High Blood Pressure, or hypertension, takes place when fat or cholesterol cause your blood vessels to become constricted, which makes it difficult for blood to travel through them.  Age can also cause high blood pressure, which is measured in excess of 120/mm Hg.

Excessive alcohol

Longstanding alcohol abuse can lead to congestive heart failure.

Heart valve problem

Blood flow is regulated by the heart valves, which open and close in order to allow blood to enter and exit the heart chambers.
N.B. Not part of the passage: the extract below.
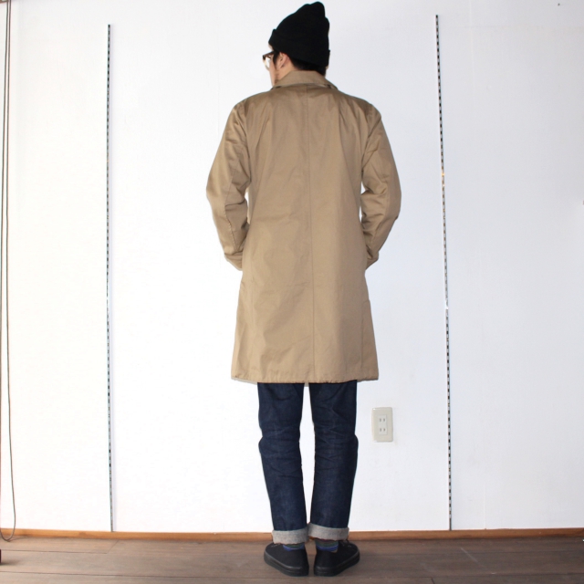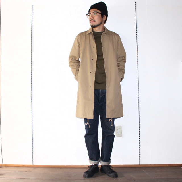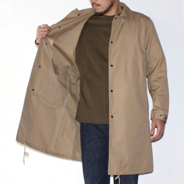 一見普通のステンカラーコートのようですが、裾にドローコードを配してコーチジャケットの要素も。

Disorders of the heart valves can cause the ventricles to need to work harder in order to pump blood throughout the body.

Other causes

Other causes of heart failure include thyroid disorders, disorders of the rhythm of the heart, and viral infections that cause heart muscle stiffening, and many more.

Idiopathic (unknown) causes of CHF can occur, including following the recovery of myocarditis.

Congestive Heart Failure Treatment

Stage A

  • Definition

Stage A of congestive heart failure includes individuals who have pre-heart failure and have a high risk of developing CHF. Stage A includes those who have a history of alcohol abuse, rheumatic fever, or cardiotoxic drug therapy, a family history of cardiomyopathy, or who have been diagnosed with metabolic syndrome, diabetes, coronary artery disease, or high blood pressure.

  • Treatment

Preventative treatments for this stage may include quitting smoking, stopping illicit drug use or alcohol use, and treating existing conditions, including high cholesterol or high blood pressure. Medications may be prescribed, including ACE inhibitors or ARB for those with a history of diabetes or other cardiac or vascular problems. These medications, as well as beta-blockers, may be recommended for patients who have high blood pressure or who have suffered a heart attack.

Stage B

  • Definition

Stage B CHF includes those who have been diagnosed with structural heart disease, including people who have valve disease, low ejection fraction, or who have had a heart attack, but who do not show signs of CHF.

  • Treatment

Treatment for patients that fall into this category should be provided all treatments in Stage A. Your doctor may also consider valve repair/replacement surgery or coronary artery bypass surgery.

Stage C

  • Definition

Stage C includes patients who have been diagnosed with systolic heart failure, and who currently have or previously had symptoms of fatigue, difficulty exercising, and shortness of breath.

  • Treatment

Heart failure treatment for these patients should include all treatments recommended for Stage A. Other treatments may include medications such as diuretics (water pills), an aldosterone inhibitor, hydralazine or nitrates, as well as discontinuation of drugs that may make CHF symptoms worse, restriction of fluids and sodium, and weight monitoring. Biventricular placing or implantation of a defibrillator may also be recommended.

Stage D

  • Definition

Stage D includes those who continue to suffer CHF symptoms after receiving treatment and have been diagnosed with systolic heart failure.

  • Treatment

Treatments include all listed for stages A, B and C, as well as evaluation for the following treatment options: surgery, heart transplant, ventricular assist devices, research therapies, IV heart pump drugs and end of life care.

Congestive Heart Failure Prognosis

It is important to seek medical care as soon as possible if you at risk of developing CHF as a result of having other health conditions, such as hypertension or diabetes, or have experienced any symptoms of heart failure. The sooner you are diagnosed, the better the prognosis. Surgery and/or medication are viable treatment options for improvement.